This program is part of an experiment to learn how real-world files compress. When run on a machine, it feeds every file on the system through five different file compressors to see how well the file compresses and how long it takes the file to compress.
- Download the zip folder with all the necessary tools here.
- The latest Java Runtime Environment (JRE). This should run on anything that supports JRE 8 or higher.
- If you wish to build from source, see Building from Source below
You will not be able to use your computer while this is running. We highly recommend running this overnight. It takes many, many hours. If you need to stop the program early, press Ctrl + C. This should halt the program.
Though we do not track or store file names or file locations on your system, we do collect some information that could be used to guess what type of information may exist on your system. For this reason, we will not distribute this data to anyone not part of the Comprestimator study.
Instead of storing file names, comprestimator will store a file's hash value, which is like a unique file fingerprint.
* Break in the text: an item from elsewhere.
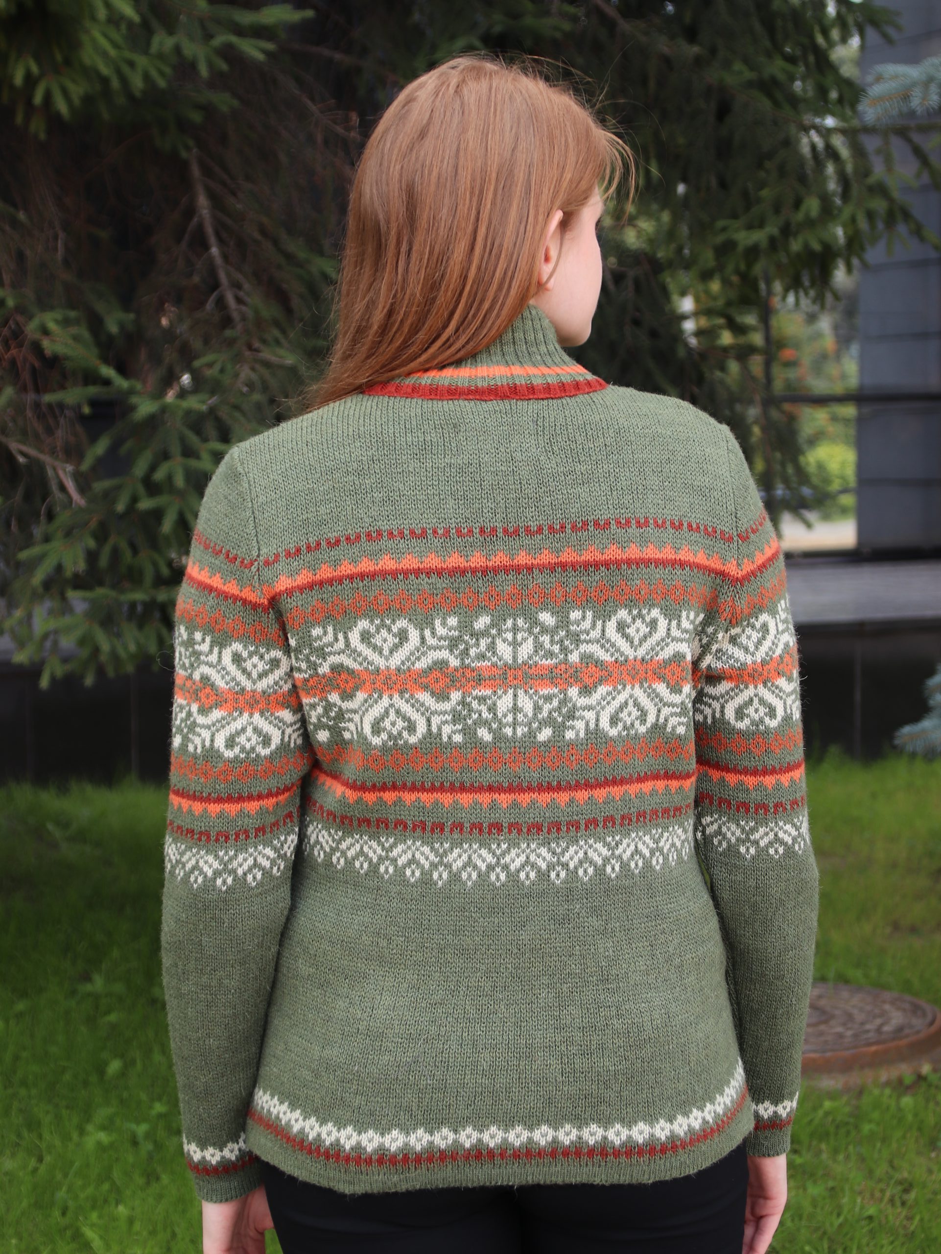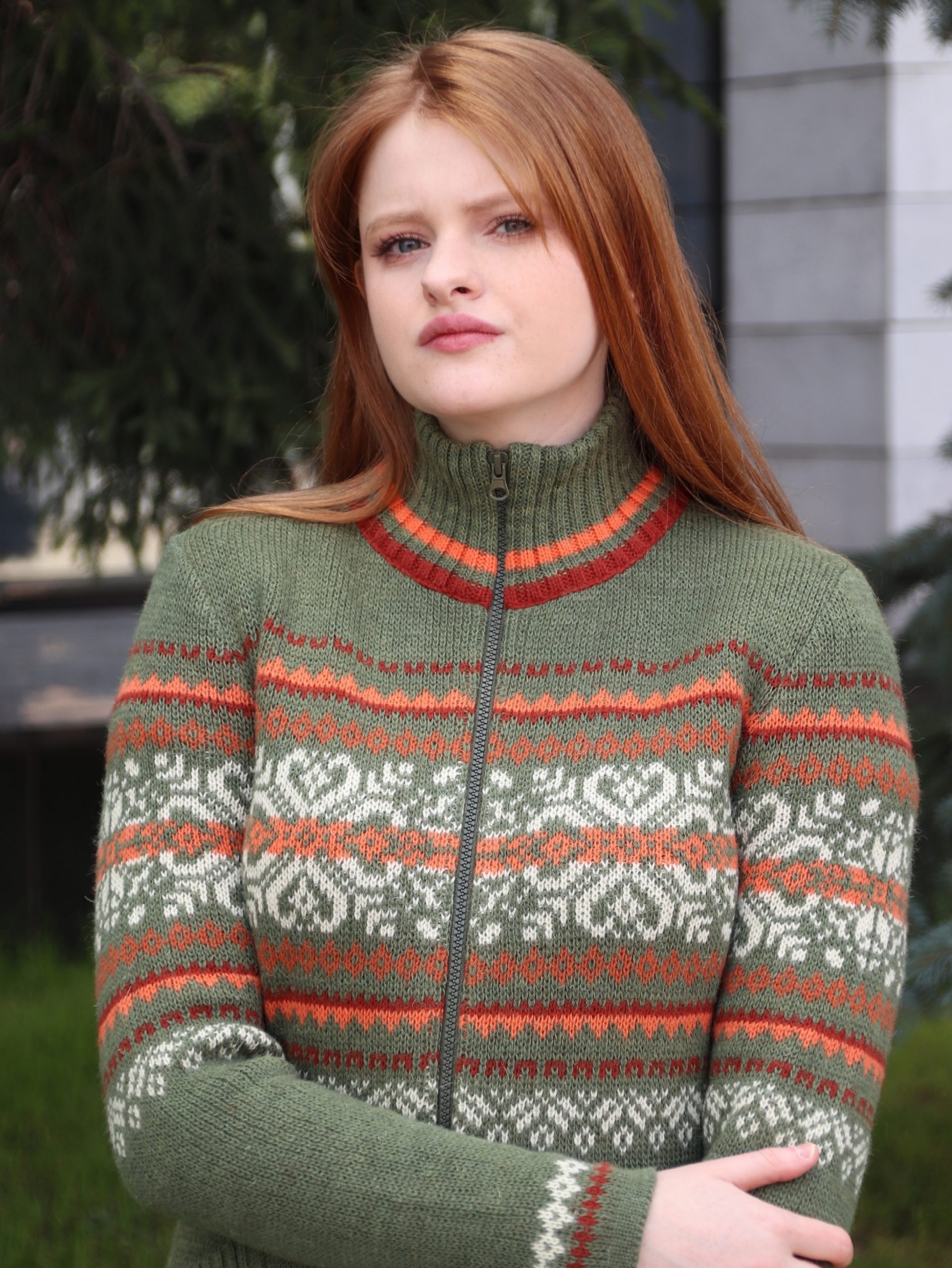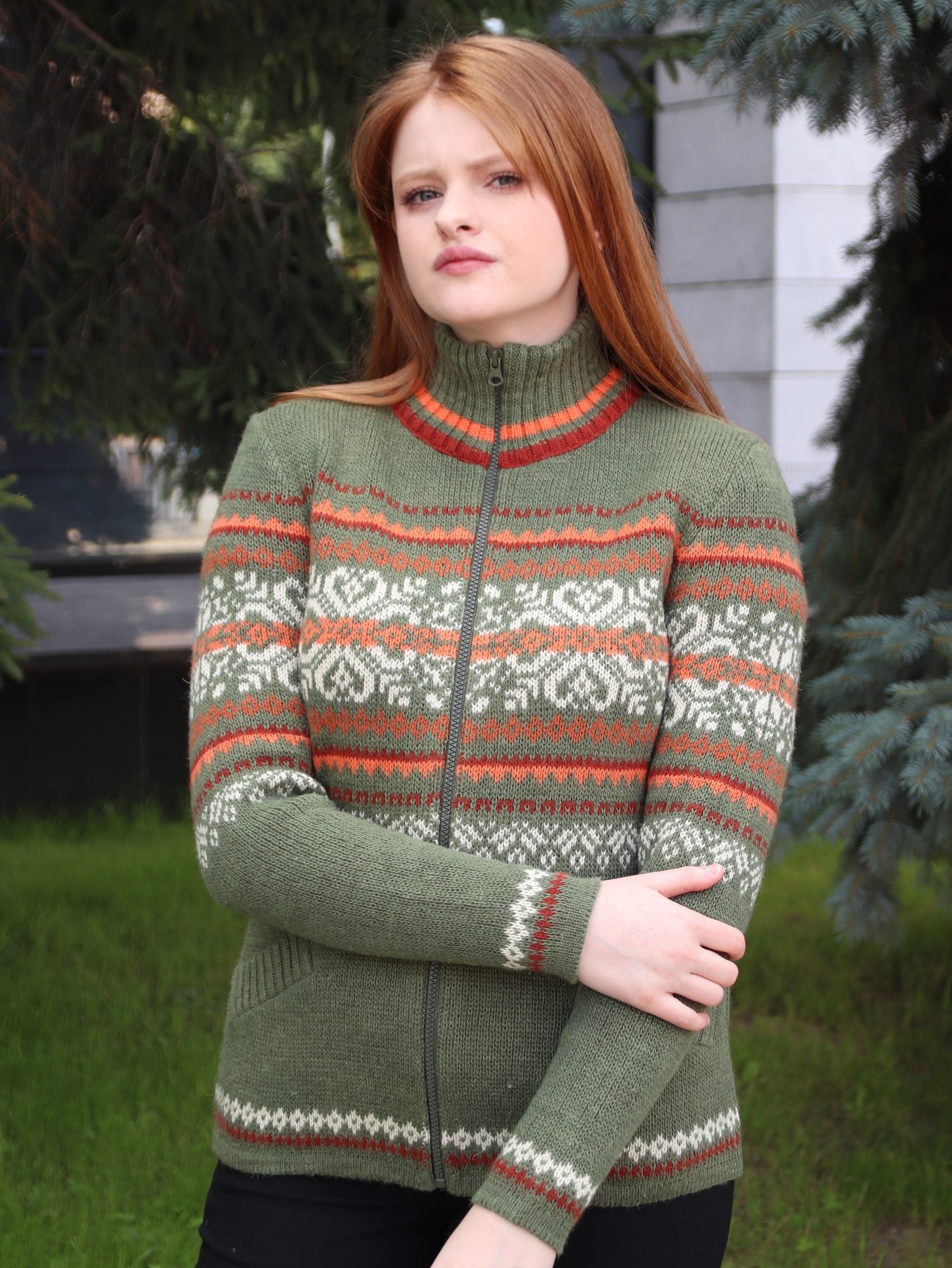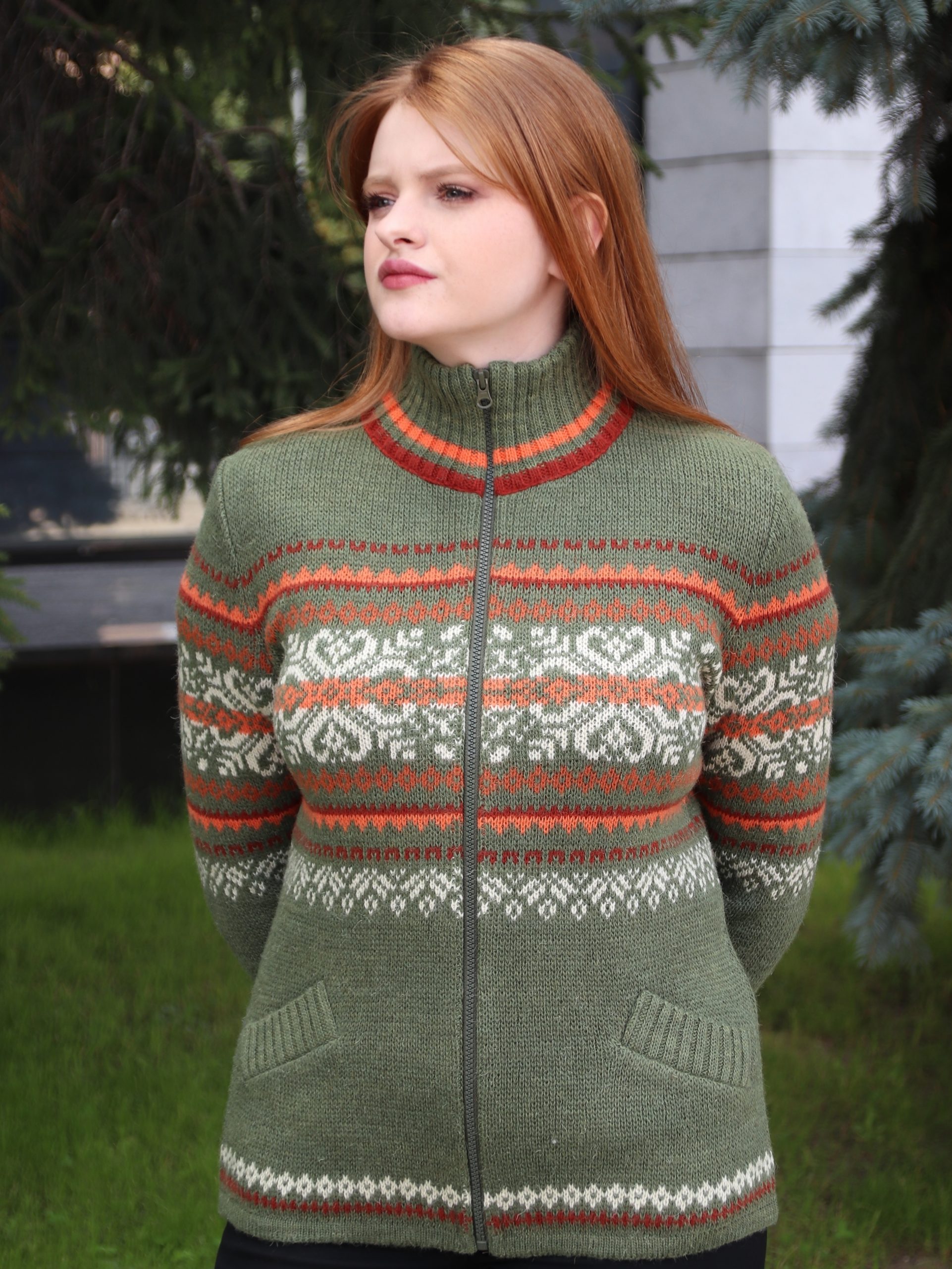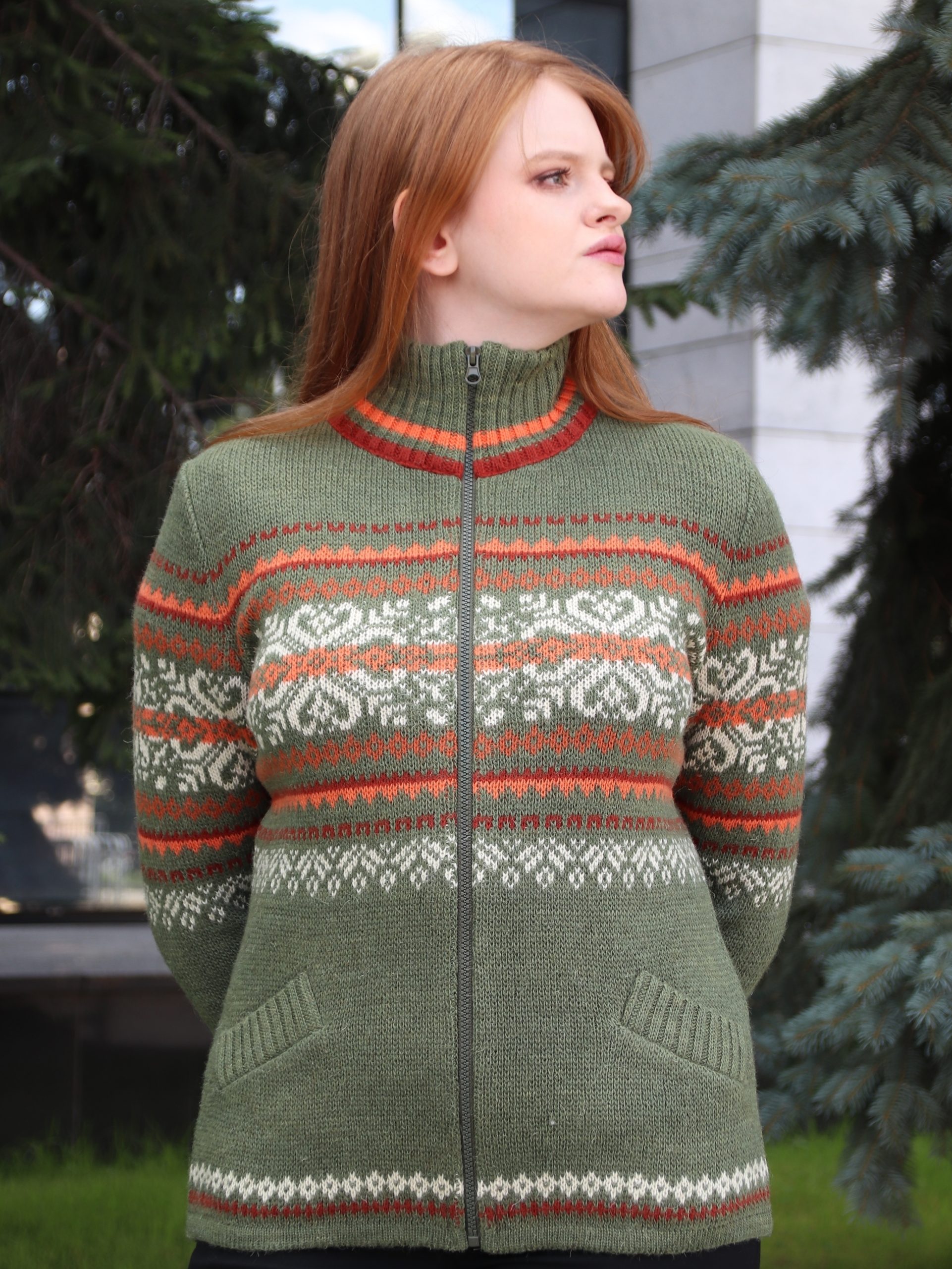 Шерстяной кардиган для женщин без капюшона, приталенный с втачными рукавами и карманами в рамку. Связан из 100% шерсти в спортивном стиле с жаккардовым рисунком.

This fingerprint cannot tell us the name, location, or content of the original file. (If you would like to know more about how hash functions work, visit the Wikipedia article on cryptographic hash functions: https://en.wikipedia.org/wiki/Cryptographic_hash_function). Besides storing the file's hash, this program will record the file's original size, its compressed size, and the amount of time needed to compress the file. All of this information will be stored locally on an SQLite database file.
We do not record the names of files processed, nor do we store any of the data that the files contain. However, if you have some files that you don't want comprestimator to touch at all, you can enter the file location(s) in skip_list.txt
. See the instructions in "How to run it" to use the skip list.
WARNING: Comprestimator will take many hours to finish. If you need to use your computer before the program has finished running, hit Ctrl + C
. You can restart the program later, and it will pick up where it left off.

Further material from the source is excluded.